## DATA FOR ANALYSIS
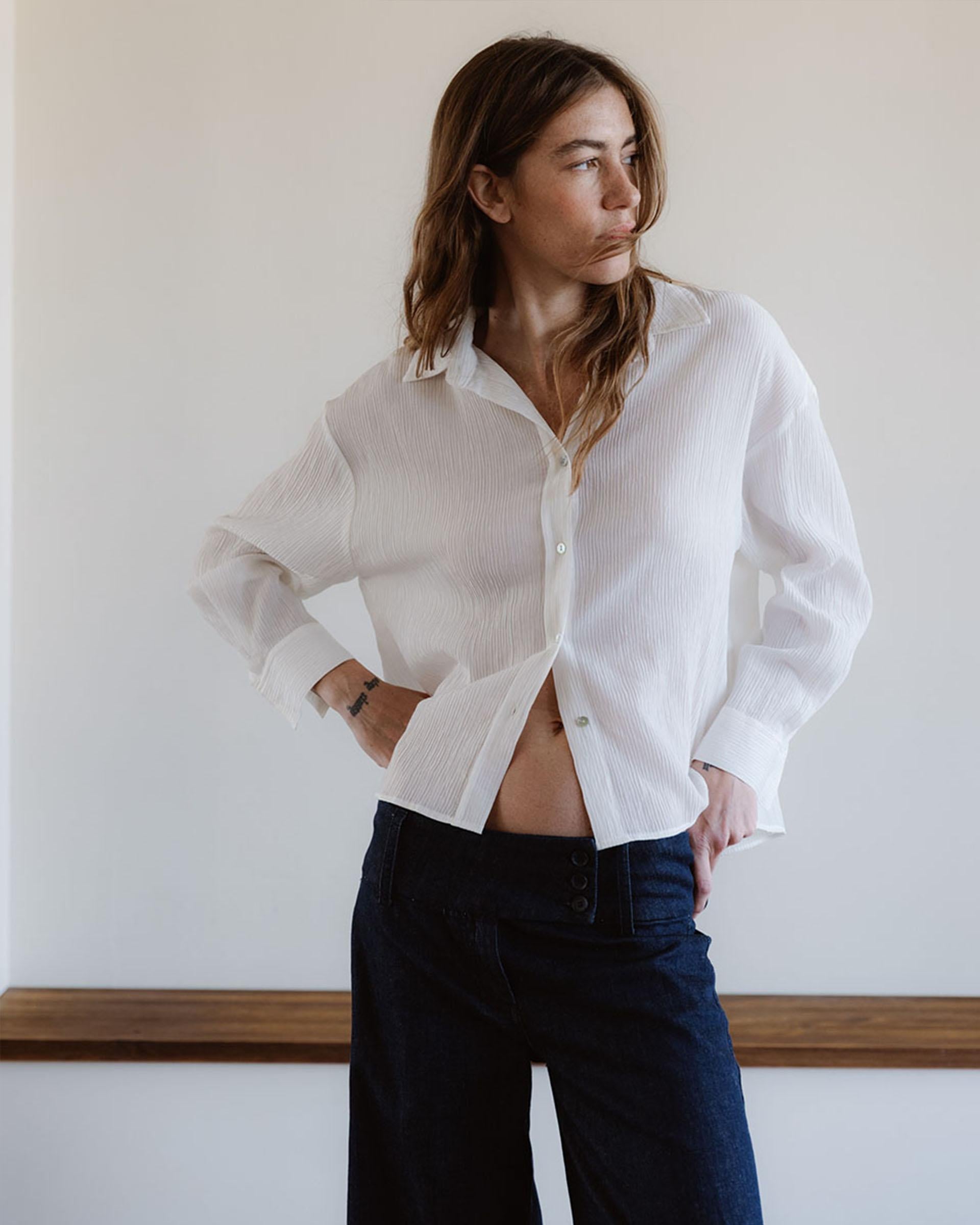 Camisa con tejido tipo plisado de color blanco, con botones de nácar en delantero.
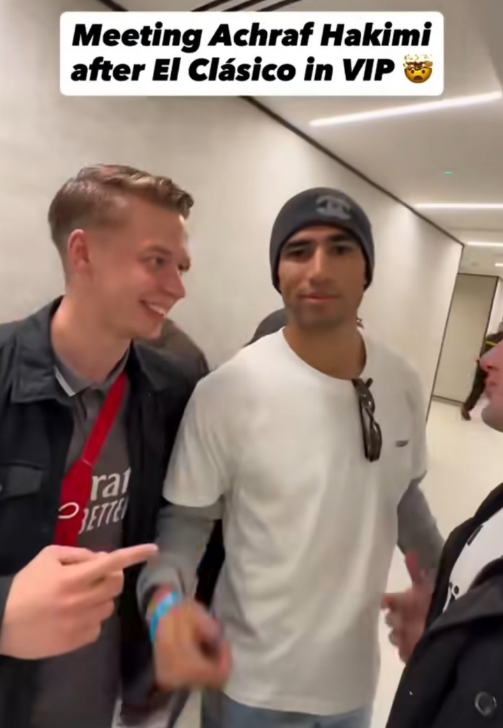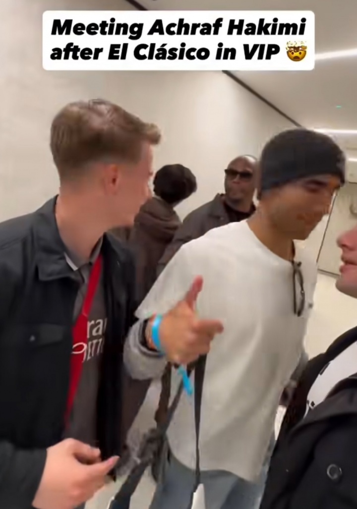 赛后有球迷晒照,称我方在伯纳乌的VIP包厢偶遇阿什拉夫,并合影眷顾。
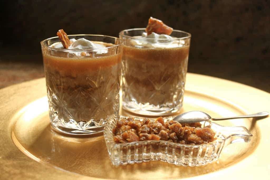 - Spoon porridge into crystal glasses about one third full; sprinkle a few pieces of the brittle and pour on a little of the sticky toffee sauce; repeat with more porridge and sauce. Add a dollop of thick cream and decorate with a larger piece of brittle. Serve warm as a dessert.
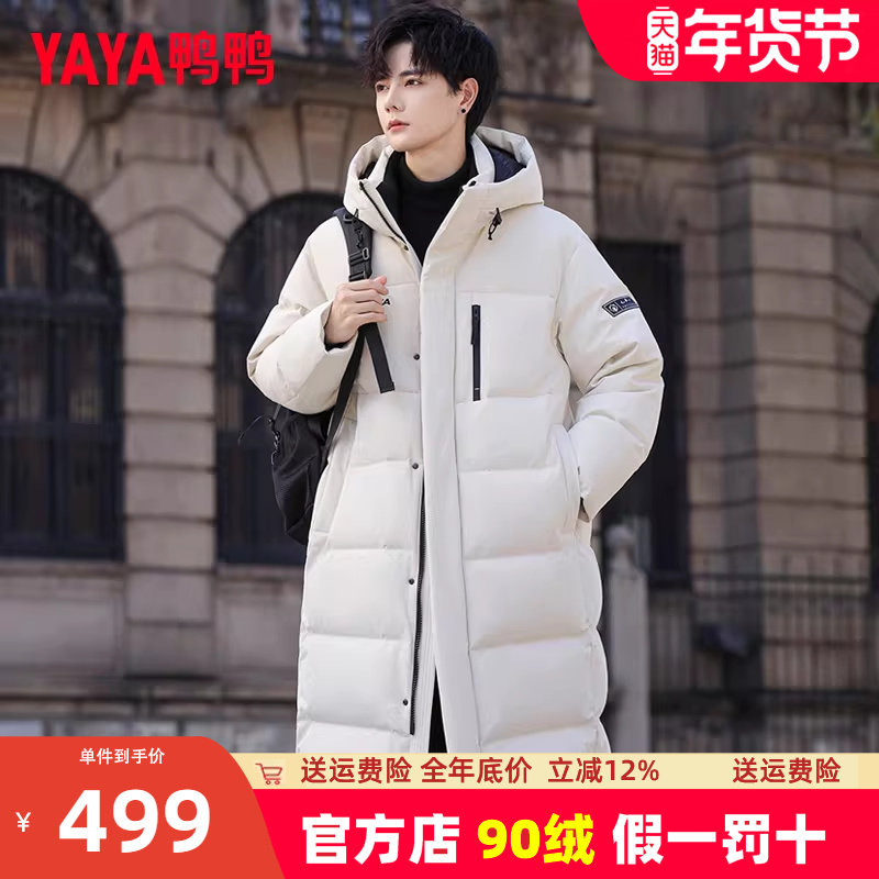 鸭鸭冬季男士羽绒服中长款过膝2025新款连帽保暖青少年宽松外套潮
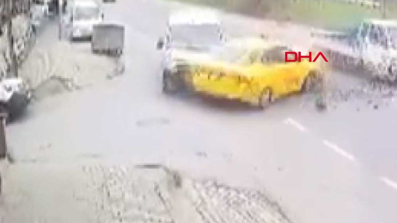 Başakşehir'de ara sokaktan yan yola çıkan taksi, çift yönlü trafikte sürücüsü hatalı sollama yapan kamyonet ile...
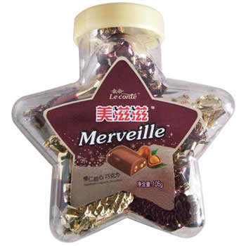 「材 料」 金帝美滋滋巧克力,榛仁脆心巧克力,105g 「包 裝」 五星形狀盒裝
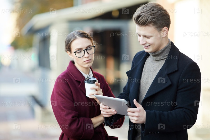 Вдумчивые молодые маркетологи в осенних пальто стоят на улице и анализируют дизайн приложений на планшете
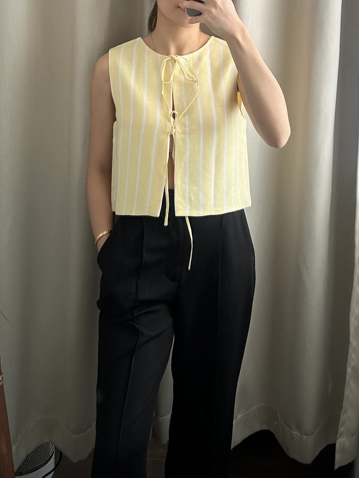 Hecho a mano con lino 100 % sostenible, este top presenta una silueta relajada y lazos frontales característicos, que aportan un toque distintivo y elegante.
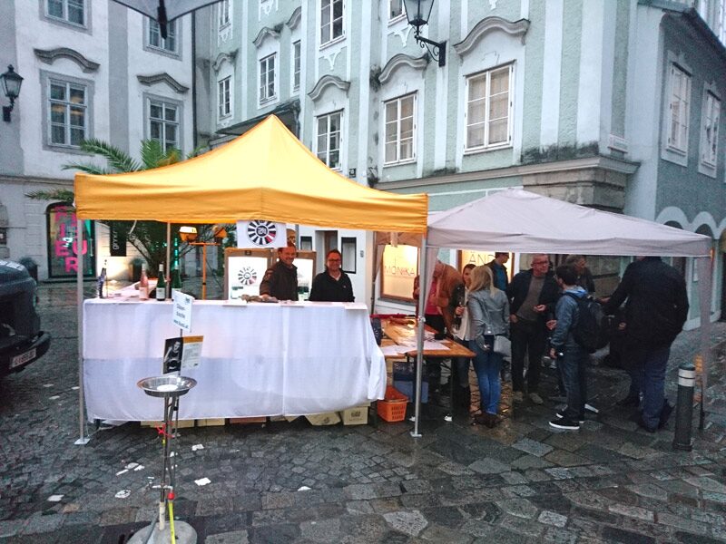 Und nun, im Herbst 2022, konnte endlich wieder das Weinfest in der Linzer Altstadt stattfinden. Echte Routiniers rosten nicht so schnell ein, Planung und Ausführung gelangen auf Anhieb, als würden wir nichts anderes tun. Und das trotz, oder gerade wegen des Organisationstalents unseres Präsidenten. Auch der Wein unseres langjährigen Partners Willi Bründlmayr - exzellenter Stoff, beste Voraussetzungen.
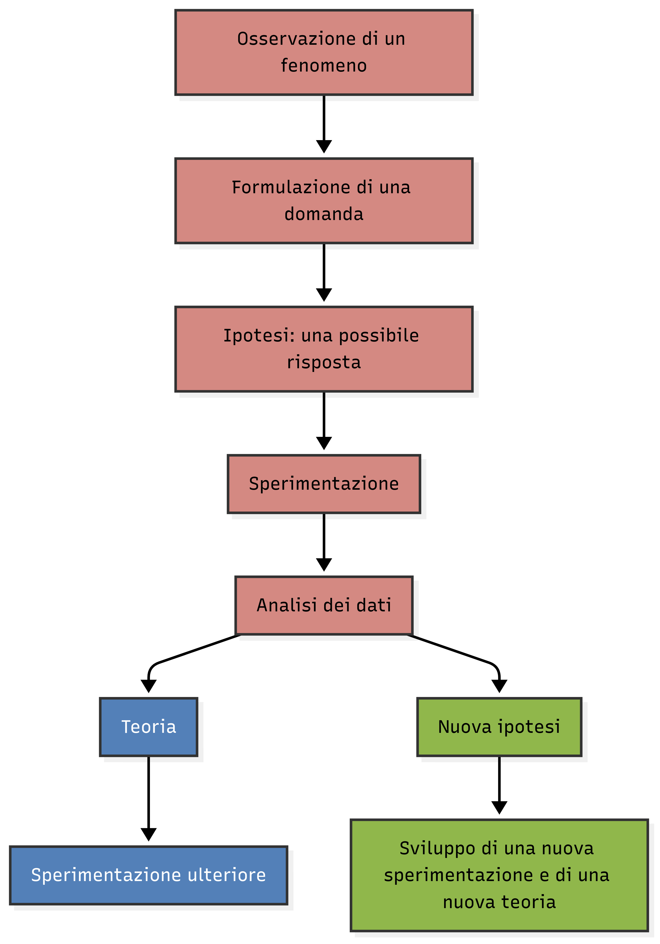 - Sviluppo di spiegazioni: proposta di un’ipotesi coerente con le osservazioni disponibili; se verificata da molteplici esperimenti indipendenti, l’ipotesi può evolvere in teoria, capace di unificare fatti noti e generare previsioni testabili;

## HOW TO COMPLETE THIS TASK
Reproduce exactly, and only, the lines from the one holding "鸭鸭冬季男士羽绒服中长款过膝2025新款连帽保暖青少年宽松外套潮" through the final line of the entries. Do not include the pictures.

## EXERCISE SOLUTION
 鸭鸭冬季男士羽绒服中长款过膝2025新款连帽保暖青少年宽松外套潮
 Başakşehir'de ara sokaktan yan yola çıkan taksi, çift yönlü trafikte sürücüsü hatalı sollama yapan kamyonet ile...
 「材 料」 金帝美滋滋巧克力,榛仁脆心巧克力,105g 「包 裝」 五星形狀盒裝
 Вдумчивые молодые маркетологи в осенних пальто стоят на улице и анализируют дизайн приложений на планшете
 Hecho a mano con lino 100 % sostenible, este top presenta una silueta relajada y lazos frontales característicos, que aportan un toque distintivo y elegante.
 Und nun, im Herbst 2022, konnte endlich wieder das Weinfest in der Linzer Altstadt stattfinden. Echte Routiniers rosten nicht so schnell ein, Planung und Ausführung gelangen auf Anhieb, als würden wir nichts anderes tun. Und das trotz, oder gerade wegen des Organisationstalents unseres Präsidenten. Auch der Wein unseres langjährigen Partners Willi Bründlmayr - exzellenter Stoff, beste Voraussetzungen.
 - Sviluppo di spiegazioni: proposta di un’ipotesi coerente con le osservazioni disponibili; se verificata da molteplici esperimenti indipendenti, l’ipotesi può evolvere in teoria, capace di unificare fatti noti e generare previsioni testabili;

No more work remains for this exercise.